#### [WORK INSTRUCTION]
Instruction for the entries below: return the part that opens with the line containing "オメガのデ・ヴィル。こちらの" and closes with the line containing "就像这样子,有一个时钟一直在", exactly, and no pictures.
******
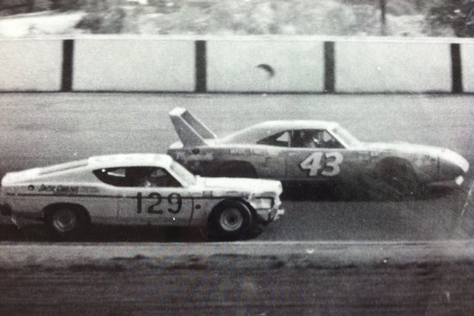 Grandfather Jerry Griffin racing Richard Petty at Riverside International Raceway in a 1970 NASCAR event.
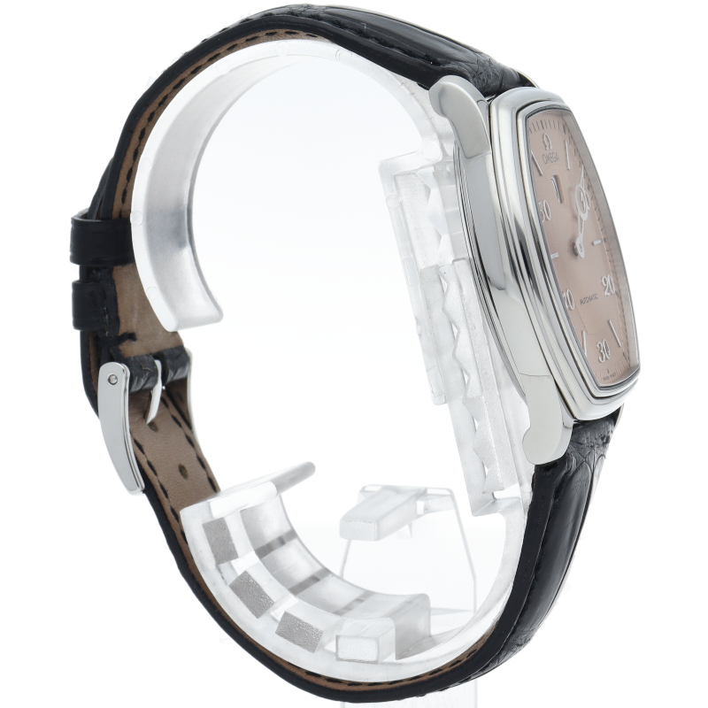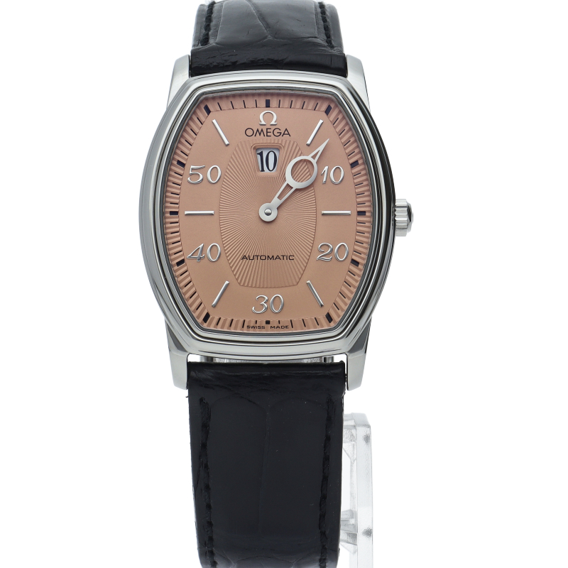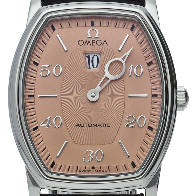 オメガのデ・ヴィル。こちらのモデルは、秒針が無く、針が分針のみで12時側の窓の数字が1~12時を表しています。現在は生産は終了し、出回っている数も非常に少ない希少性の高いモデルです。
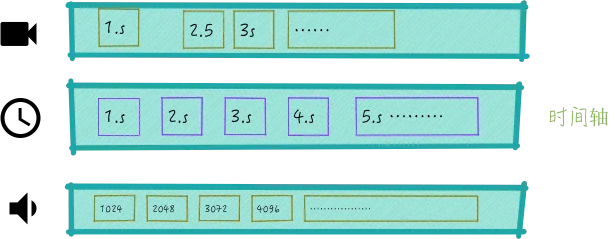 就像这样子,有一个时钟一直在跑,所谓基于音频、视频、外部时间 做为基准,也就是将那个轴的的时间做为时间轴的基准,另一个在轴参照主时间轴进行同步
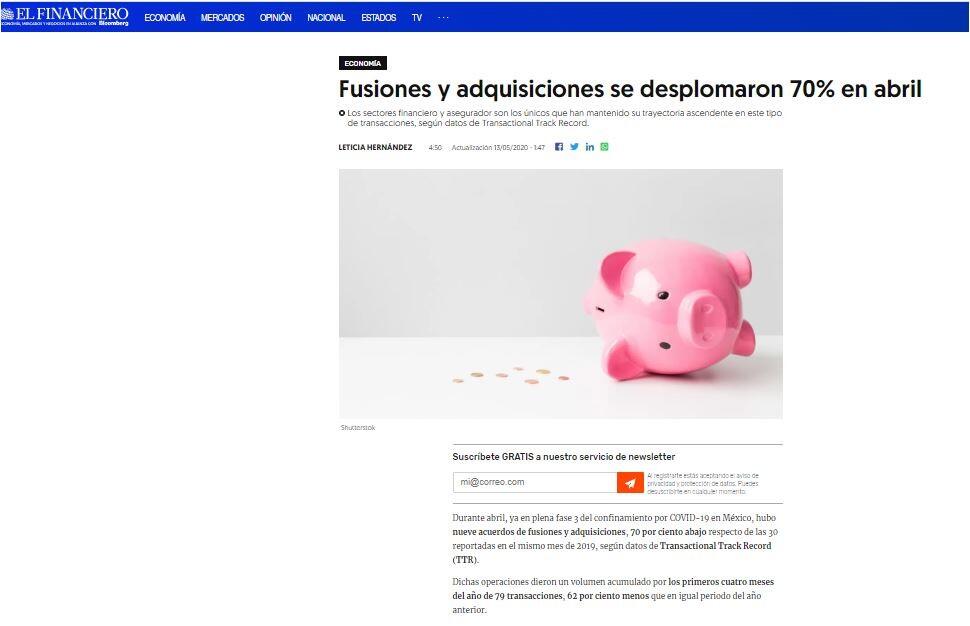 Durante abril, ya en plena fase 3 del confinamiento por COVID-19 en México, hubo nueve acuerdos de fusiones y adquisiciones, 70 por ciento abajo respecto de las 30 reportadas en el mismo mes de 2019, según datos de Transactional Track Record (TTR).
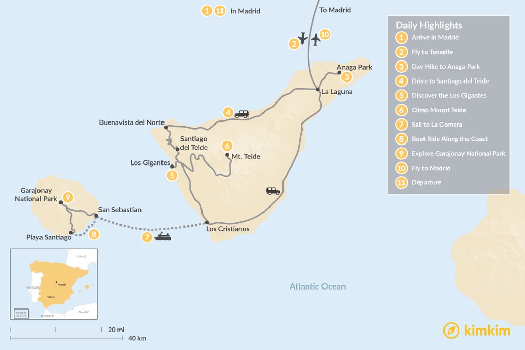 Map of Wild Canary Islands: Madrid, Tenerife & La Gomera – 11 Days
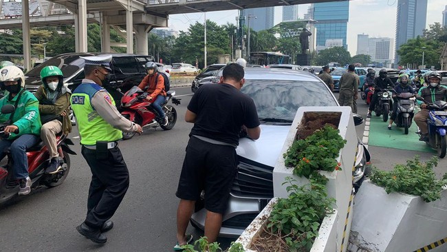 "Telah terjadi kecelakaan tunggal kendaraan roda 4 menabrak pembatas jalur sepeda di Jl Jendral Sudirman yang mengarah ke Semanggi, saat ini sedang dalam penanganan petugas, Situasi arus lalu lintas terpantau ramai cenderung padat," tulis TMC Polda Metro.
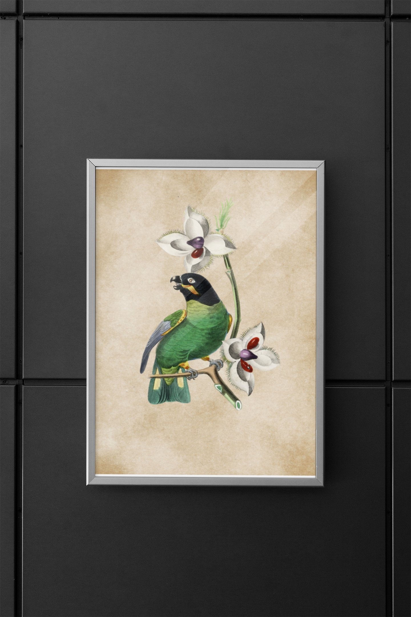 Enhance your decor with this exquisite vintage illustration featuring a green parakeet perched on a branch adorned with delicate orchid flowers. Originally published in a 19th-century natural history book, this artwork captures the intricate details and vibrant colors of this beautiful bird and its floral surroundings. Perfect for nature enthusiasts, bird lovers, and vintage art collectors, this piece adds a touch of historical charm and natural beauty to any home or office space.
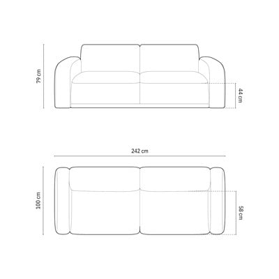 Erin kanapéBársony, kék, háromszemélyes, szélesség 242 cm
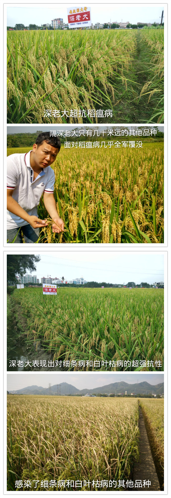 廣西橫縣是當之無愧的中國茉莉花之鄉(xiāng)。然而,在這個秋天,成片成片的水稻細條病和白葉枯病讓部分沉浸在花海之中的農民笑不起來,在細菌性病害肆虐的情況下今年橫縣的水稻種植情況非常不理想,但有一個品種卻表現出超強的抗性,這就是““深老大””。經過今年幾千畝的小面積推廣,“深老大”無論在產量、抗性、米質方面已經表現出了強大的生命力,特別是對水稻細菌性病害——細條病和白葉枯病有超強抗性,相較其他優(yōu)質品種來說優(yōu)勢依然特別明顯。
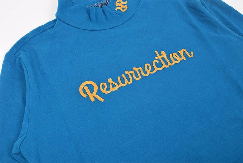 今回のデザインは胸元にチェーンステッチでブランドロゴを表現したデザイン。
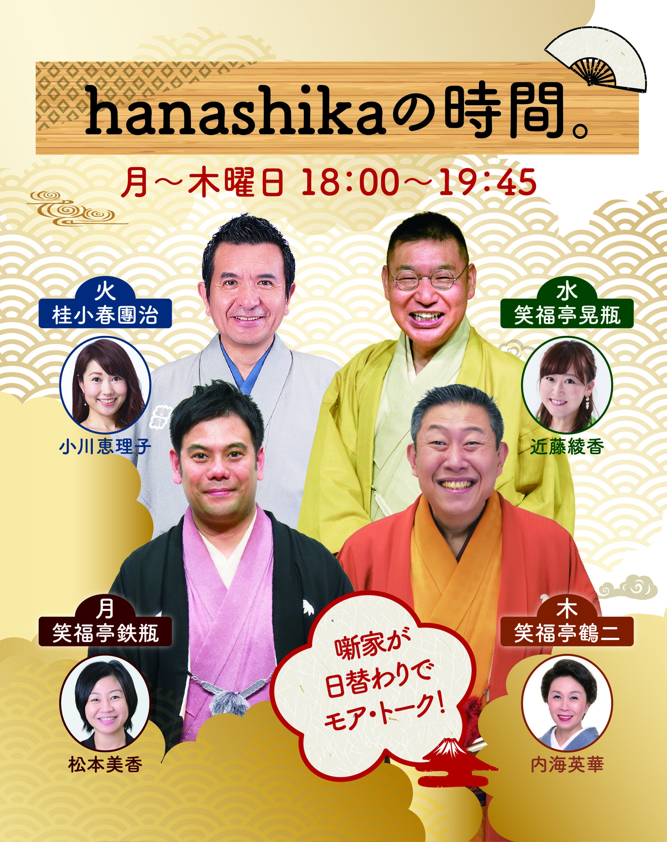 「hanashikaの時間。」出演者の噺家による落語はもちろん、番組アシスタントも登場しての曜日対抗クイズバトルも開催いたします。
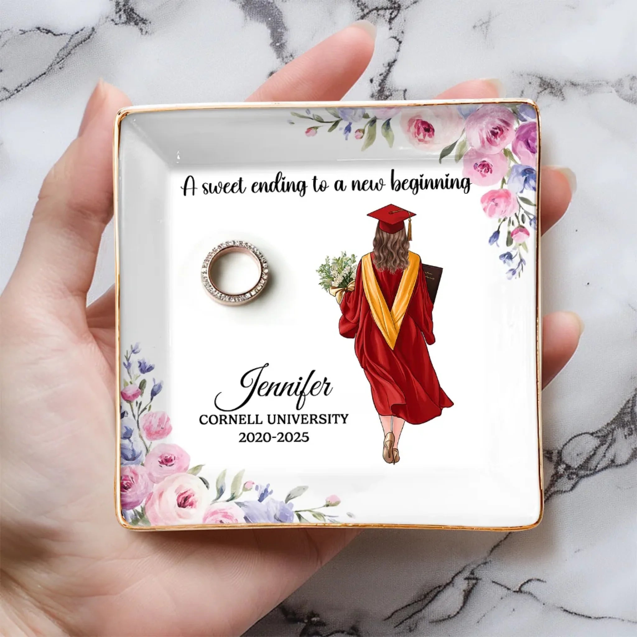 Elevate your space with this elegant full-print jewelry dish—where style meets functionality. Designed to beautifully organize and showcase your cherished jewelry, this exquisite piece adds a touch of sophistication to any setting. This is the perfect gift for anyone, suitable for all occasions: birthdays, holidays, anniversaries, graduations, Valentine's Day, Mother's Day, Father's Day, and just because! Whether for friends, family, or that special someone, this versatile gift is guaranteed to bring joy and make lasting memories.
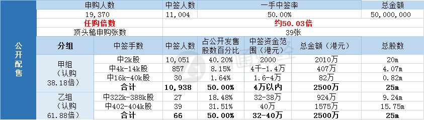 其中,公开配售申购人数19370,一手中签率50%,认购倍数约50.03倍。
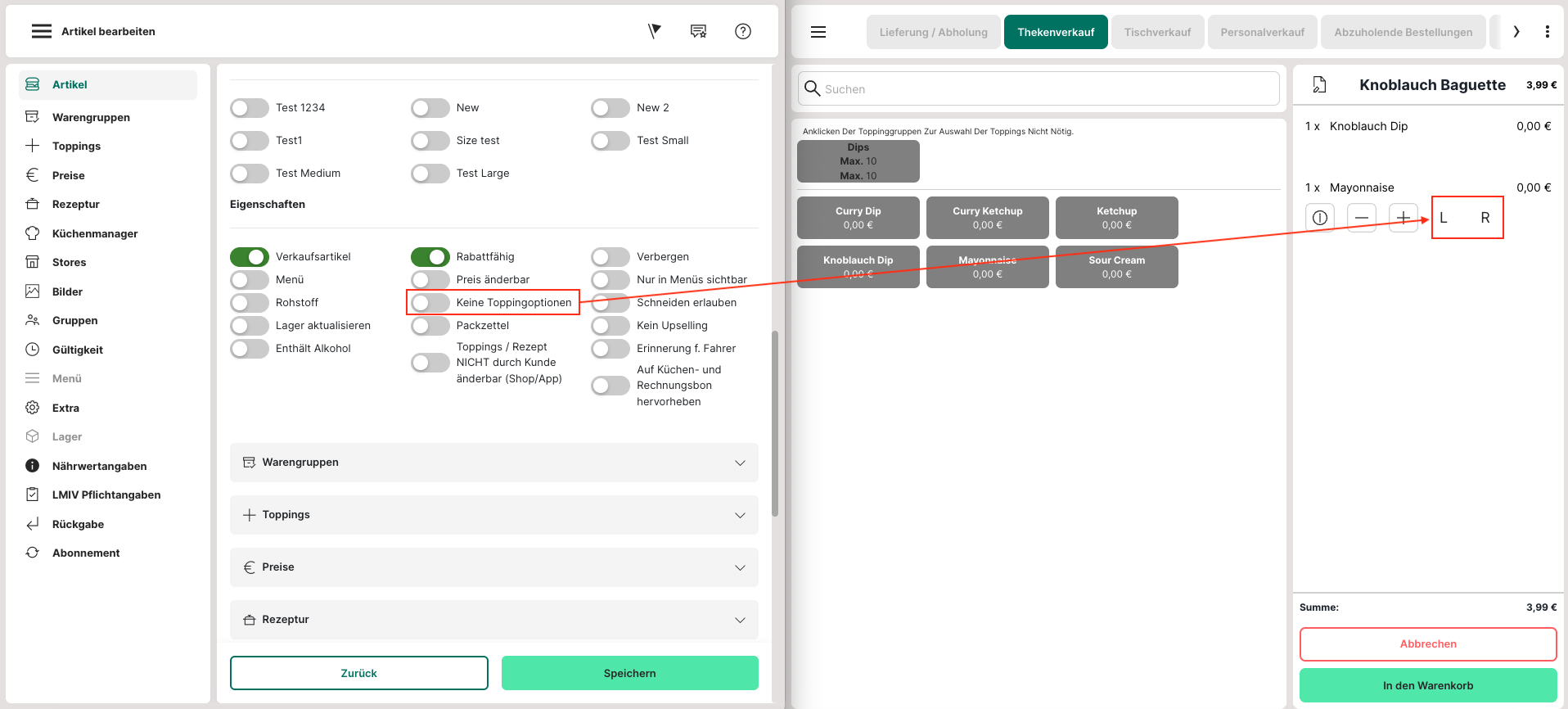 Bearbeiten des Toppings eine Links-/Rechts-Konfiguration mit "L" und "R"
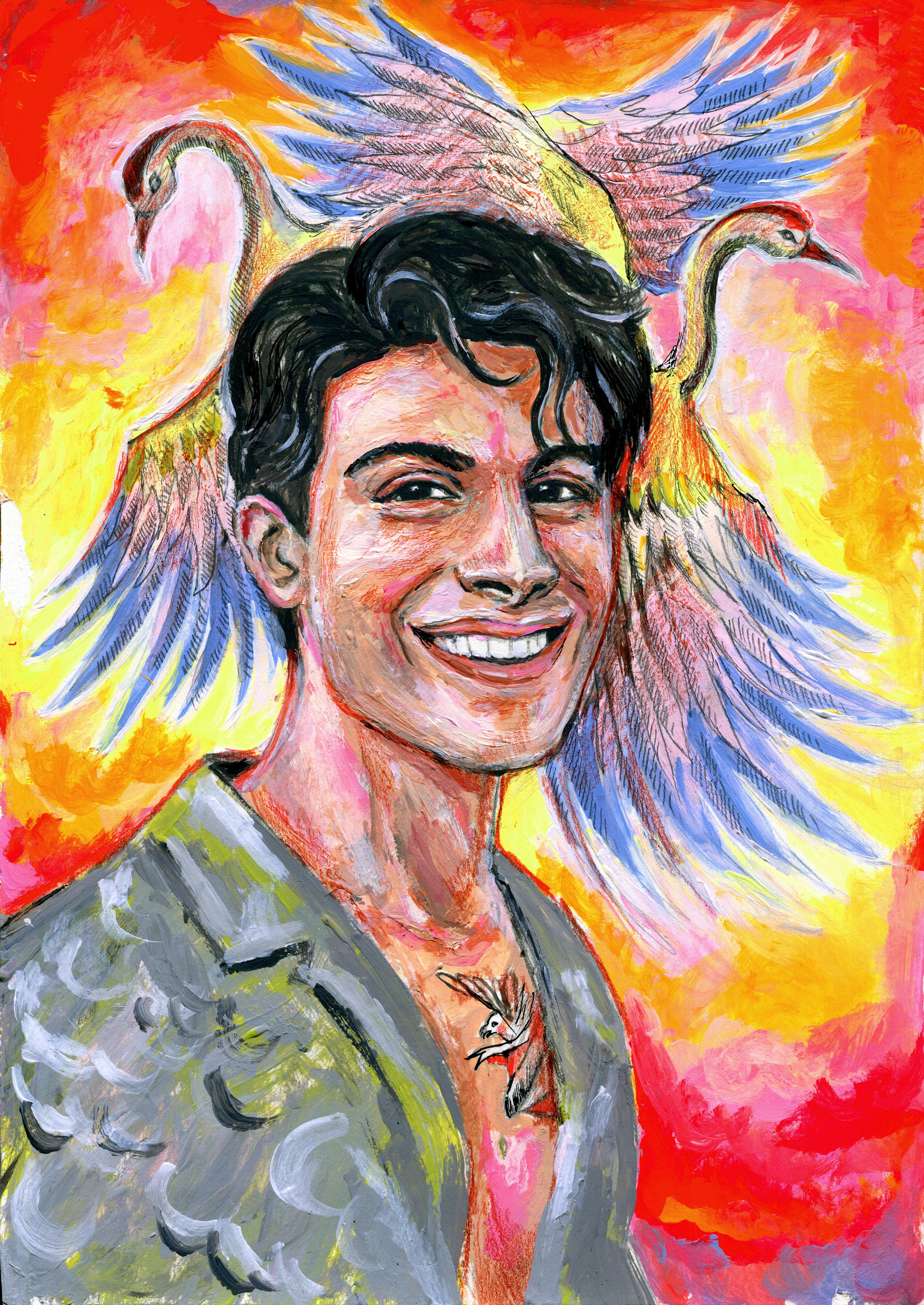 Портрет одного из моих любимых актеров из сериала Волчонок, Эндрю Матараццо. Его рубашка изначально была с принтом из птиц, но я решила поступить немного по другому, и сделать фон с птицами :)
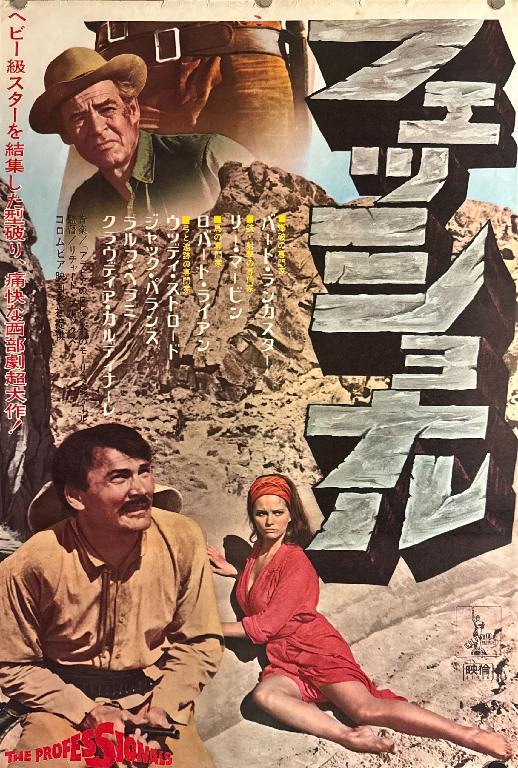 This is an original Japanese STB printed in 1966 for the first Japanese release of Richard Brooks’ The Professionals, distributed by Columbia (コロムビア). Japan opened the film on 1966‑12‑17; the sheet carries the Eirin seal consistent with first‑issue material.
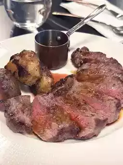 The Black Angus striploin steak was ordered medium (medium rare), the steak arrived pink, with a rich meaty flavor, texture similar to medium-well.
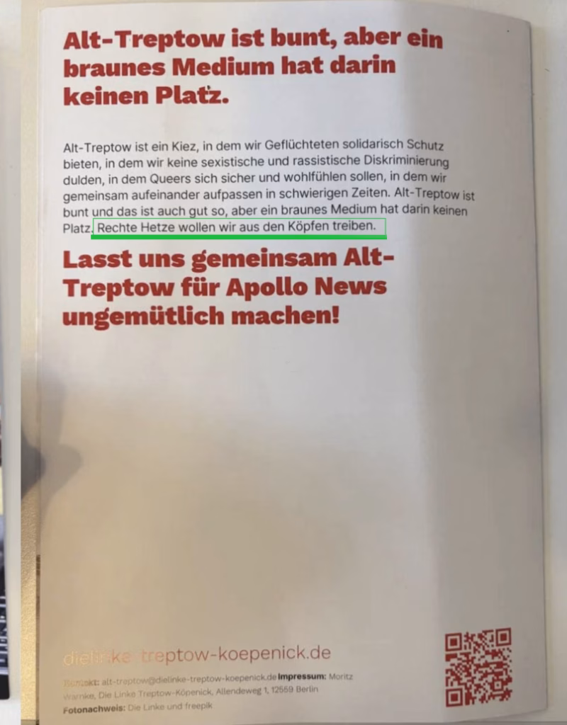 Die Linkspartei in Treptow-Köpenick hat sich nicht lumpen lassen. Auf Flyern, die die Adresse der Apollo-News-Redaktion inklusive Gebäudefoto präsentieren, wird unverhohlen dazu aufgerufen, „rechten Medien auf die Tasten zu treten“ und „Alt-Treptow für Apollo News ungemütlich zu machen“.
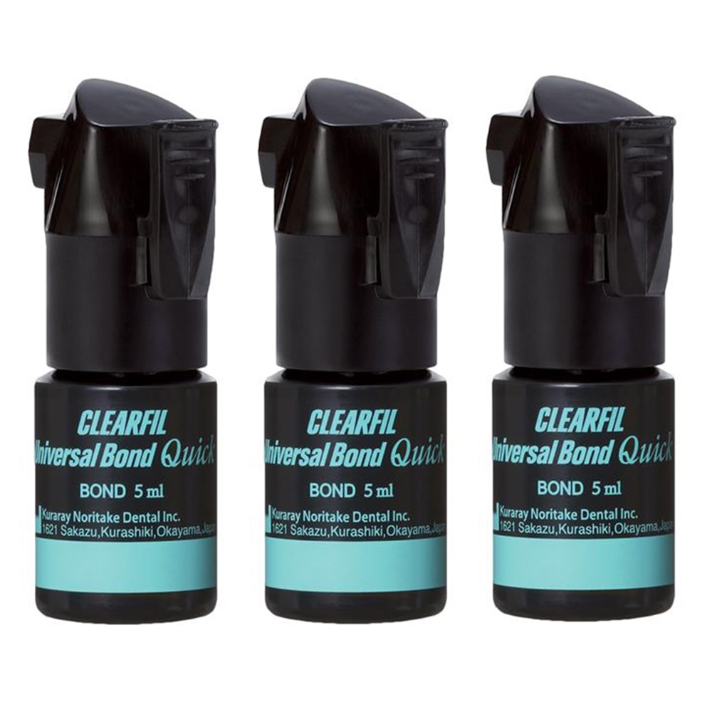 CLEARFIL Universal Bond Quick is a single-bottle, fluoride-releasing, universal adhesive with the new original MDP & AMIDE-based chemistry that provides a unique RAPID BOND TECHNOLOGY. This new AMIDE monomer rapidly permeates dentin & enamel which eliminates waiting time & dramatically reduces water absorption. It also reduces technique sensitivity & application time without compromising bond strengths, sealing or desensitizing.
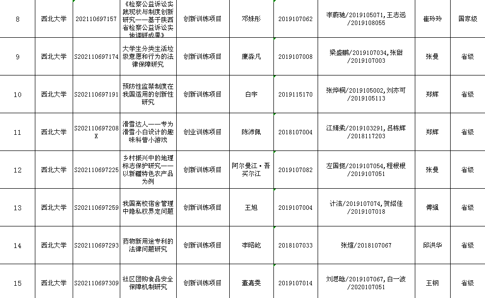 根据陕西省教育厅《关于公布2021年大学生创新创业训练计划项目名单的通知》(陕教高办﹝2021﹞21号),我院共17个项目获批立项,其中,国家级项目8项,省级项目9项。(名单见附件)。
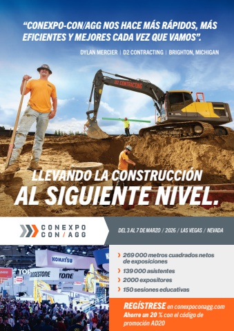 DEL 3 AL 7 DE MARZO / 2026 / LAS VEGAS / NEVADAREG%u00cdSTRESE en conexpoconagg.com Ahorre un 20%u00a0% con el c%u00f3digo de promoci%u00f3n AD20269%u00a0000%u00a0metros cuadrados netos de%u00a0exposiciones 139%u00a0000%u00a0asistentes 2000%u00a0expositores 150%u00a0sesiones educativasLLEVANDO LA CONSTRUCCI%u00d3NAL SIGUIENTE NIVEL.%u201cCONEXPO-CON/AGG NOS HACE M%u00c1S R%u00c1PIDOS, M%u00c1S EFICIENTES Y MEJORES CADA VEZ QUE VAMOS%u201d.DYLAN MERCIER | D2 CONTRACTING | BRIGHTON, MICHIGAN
******
#### [COMPLETED TASK]
 オメガのデ・ヴィル。こちらのモデルは、秒針が無く、針が分針のみで12時側の窓の数字が1~12時を表しています。現在は生産は終了し、出回っている数も非常に少ない希少性の高いモデルです。
 就像这样子,有一个时钟一直在跑,所谓基于音频、视频、外部时间 做为基准,也就是将那个轴的的时间做为时间轴的基准,另一个在轴参照主时间轴进行同步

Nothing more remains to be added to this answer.